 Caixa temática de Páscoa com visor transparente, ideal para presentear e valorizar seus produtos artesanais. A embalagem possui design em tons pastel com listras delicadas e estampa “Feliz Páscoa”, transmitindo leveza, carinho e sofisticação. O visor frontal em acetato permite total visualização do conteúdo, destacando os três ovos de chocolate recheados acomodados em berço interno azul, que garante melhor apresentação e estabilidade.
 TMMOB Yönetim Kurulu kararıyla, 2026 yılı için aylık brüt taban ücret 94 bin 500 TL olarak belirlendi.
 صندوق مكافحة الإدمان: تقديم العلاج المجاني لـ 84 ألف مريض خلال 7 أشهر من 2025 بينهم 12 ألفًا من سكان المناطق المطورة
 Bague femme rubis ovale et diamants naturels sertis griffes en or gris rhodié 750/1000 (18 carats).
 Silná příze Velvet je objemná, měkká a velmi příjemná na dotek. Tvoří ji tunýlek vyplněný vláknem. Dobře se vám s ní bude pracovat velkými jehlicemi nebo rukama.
***
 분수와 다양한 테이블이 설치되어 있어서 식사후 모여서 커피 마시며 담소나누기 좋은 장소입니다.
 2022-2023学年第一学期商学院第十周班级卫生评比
***
ACTION ITEM> Quote the listing above, but only from the line that shows "TMMOB Yönetim Kurulu" through the line that shows "صندوق مكافحة الإدمان: تقديم".

ANSWER BELOW>
 TMMOB Yönetim Kurulu kararıyla, 2026 yılı için aylık brüt taban ücret 94 bin 500 TL olarak belirlendi.
 صندوق مكافحة الإدمان: تقديم العلاج المجاني لـ 84 ألف مريض خلال 7 أشهر من 2025 بينهم 12 ألفًا من سكان المناطق المطورة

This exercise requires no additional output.